----- Supplied information -----
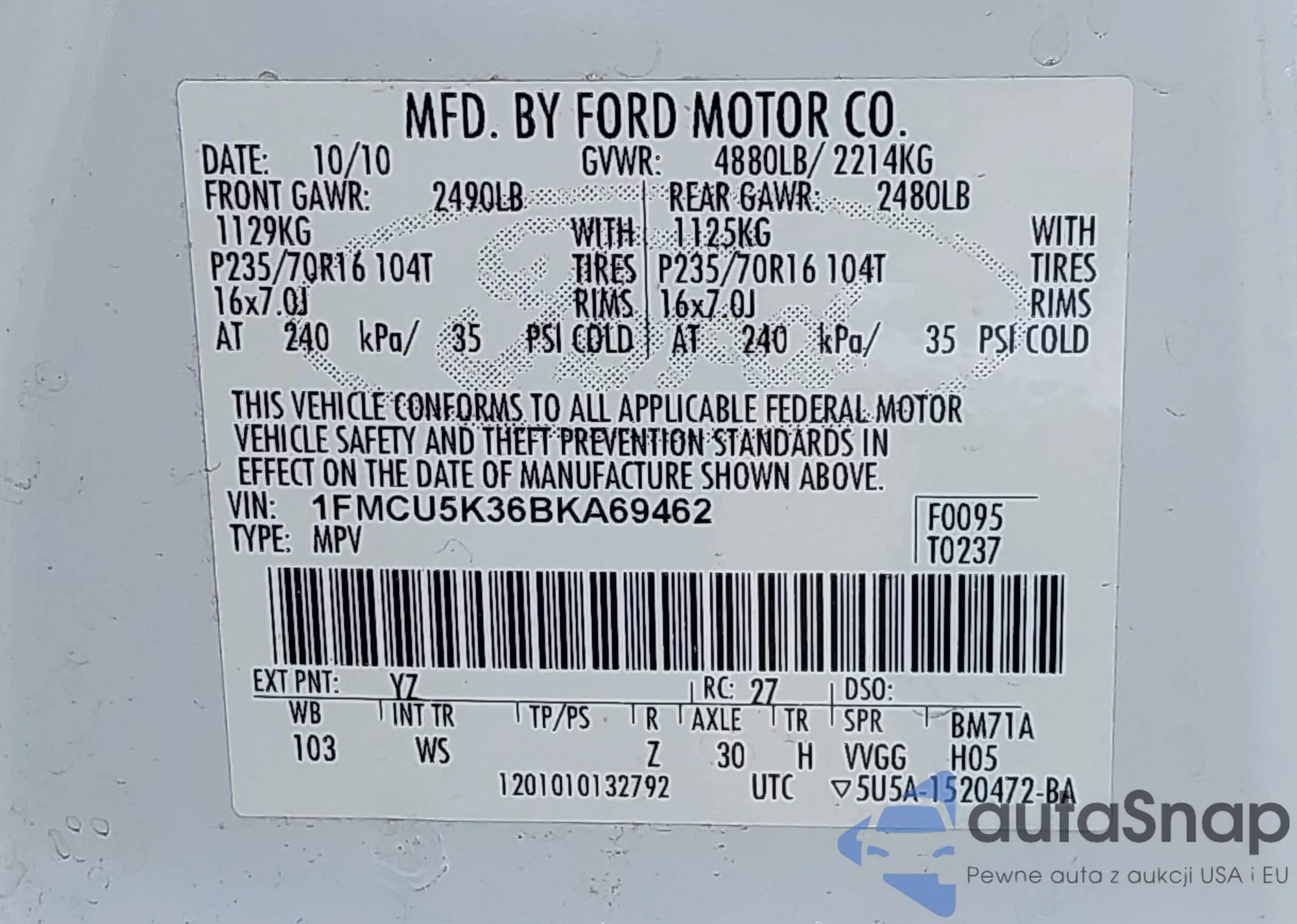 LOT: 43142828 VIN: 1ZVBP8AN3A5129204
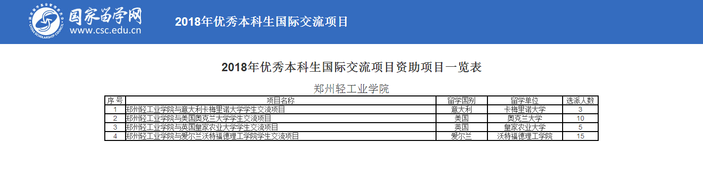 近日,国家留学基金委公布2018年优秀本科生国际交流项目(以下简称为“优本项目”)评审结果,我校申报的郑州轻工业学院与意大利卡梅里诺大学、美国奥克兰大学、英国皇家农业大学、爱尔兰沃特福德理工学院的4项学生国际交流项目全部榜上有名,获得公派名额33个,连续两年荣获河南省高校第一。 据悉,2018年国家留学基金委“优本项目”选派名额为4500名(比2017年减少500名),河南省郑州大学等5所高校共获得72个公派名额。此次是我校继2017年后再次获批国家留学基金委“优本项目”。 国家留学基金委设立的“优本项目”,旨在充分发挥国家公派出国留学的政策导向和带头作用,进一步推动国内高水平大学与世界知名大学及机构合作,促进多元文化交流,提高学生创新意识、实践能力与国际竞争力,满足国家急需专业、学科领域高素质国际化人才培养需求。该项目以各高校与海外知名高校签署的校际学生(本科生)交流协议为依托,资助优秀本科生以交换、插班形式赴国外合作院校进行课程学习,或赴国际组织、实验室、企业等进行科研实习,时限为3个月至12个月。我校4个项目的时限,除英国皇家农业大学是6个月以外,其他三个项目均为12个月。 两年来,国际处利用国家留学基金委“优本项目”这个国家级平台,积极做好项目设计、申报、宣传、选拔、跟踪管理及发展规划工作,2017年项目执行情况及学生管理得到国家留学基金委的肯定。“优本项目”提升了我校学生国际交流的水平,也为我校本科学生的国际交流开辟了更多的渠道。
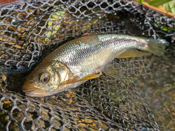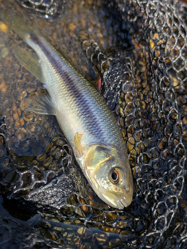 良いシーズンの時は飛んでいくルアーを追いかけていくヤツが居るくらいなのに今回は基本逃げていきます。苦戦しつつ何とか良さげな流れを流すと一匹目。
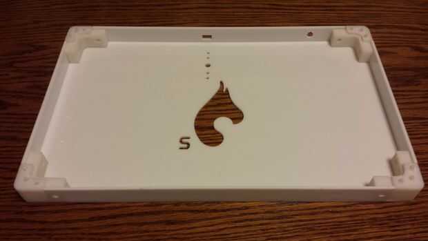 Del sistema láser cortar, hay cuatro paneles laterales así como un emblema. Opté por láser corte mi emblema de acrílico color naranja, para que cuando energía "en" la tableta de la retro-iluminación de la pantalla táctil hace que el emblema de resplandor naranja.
-----
▶ _Problem requirements_: Reproduce the data word for word, excluding its pictures.

▶ _Response area_:
 LOT: 43142828 VIN: 1ZVBP8AN3A5129204
 近日,国家留学基金委公布2018年优秀本科生国际交流项目(以下简称为“优本项目”)评审结果,我校申报的郑州轻工业学院与意大利卡梅里诺大学、美国奥克兰大学、英国皇家农业大学、爱尔兰沃特福德理工学院的4项学生国际交流项目全部榜上有名,获得公派名额33个,连续两年荣获河南省高校第一。 据悉,2018年国家留学基金委“优本项目”选派名额为4500名(比2017年减少500名),河南省郑州大学等5所高校共获得72个公派名额。此次是我校继2017年后再次获批国家留学基金委“优本项目”。 国家留学基金委设立的“优本项目”,旨在充分发挥国家公派出国留学的政策导向和带头作用,进一步推动国内高水平大学与世界知名大学及机构合作,促进多元文化交流,提高学生创新意识、实践能力与国际竞争力,满足国家急需专业、学科领域高素质国际化人才培养需求。该项目以各高校与海外知名高校签署的校际学生(本科生)交流协议为依托,资助优秀本科生以交换、插班形式赴国外合作院校进行课程学习,或赴国际组织、实验室、企业等进行科研实习,时限为3个月至12个月。我校4个项目的时限,除英国皇家农业大学是6个月以外,其他三个项目均为12个月。 两年来,国际处利用国家留学基金委“优本项目”这个国家级平台,积极做好项目设计、申报、宣传、选拔、跟踪管理及发展规划工作,2017年项目执行情况及学生管理得到国家留学基金委的肯定。“优本项目”提升了我校学生国际交流的水平,也为我校本科学生的国际交流开辟了更多的渠道。
 良いシーズンの時は飛んでいくルアーを追いかけていくヤツが居るくらいなのに今回は基本逃げていきます。苦戦しつつ何とか良さげな流れを流すと一匹目。
 Del sistema láser cortar, hay cuatro paneles laterales así como un emblema. Opté por láser corte mi emblema de acrílico color naranja, para que cuando energía "en" la tableta de la retro-iluminación de la pantalla táctil hace que el emblema de resplandor naranja.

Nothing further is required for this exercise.